Sunday, September 5th, 2010

Here’s some facts

  • women read more books than men.
  • women read across genres

And yet, whenever academics get going about how women, when they read romance, are unable to separate the subject of their reading from the reality of their lives, they conveniently forget the incredibly high likelihood that these same women are reading other genres. As soon as as woman reads a romance, she is reconstructing her real life with the fantasy of the romance. Her husband isn’t a stinker after all because romance allows her to reconstitute him with the fantasy of the hero. I guess when I read a Fantasy, I am reconstituting my (nonexistent) husband as a magic elf. Or a mage who will solve all my problems with housework that doesn’t get done by itself. And when I read a political thriller, I reconstitute the hero as an assassin who takes care of all those pesky people I don’t like In Real Life. Jesus, I wish that worked.

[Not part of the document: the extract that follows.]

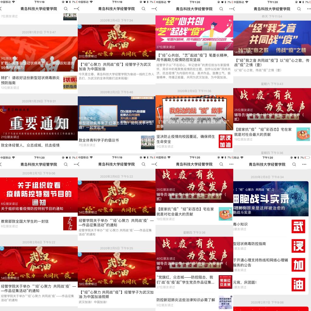 抗疫当前,每个人都是防线,每个青年都是战士。为助力打赢新冠肺炎疫情防控阻击战,经管学子纷纷行动起来,在做好自我防护的前提下,以力所能及的方式投入到防控一线工作中去。他们有的坚守在宣传一线为大家把疫情防控相关信息及时准确地发布;有的通过绘画、书法、撰稿的方式在网络上积极传递正能量;有的争当志愿者在当地社区疫情防控工作中发挥自己的光和热;有点通过官方渠道参与捐款活动,为抗击疫情贡献爱心。凝心聚力,冲锋一线,用行动彰显了新时代青年学子的热血担当。

But guys, they get to read a Thriller and enjoy the story. If they read a mystery, they’re not psychologically infantile enough to transfer the story elements to their lives and relationships, right? Huh.

For crying out loud.

A bit of intellectual rigor suggests the blazingly obvious conclusion that first you must establish the role of story in our lives. Is it really the case that fiction readers reconstitute the fiction they read and thereby transform elements of their real lives? If that’s the case, would not that transformation be highly individual? Is there a link between one’s choice of fiction and one’s psychological make up? But wait! Oh my God. Women read across genre! We are so fucked up that we can’t even figure out what’s wrong with us and read the right books to get us all fixed up. Do women really read romance after romance because their husbands are jerks and they require the fantasy of the romance hero to tolerate the horror of their daily emotional lives? But wait! Oh my God! Not all women are married or in a relationship. Ack! [Hand waving. DO NOT LOOK THAT DIRECTION!]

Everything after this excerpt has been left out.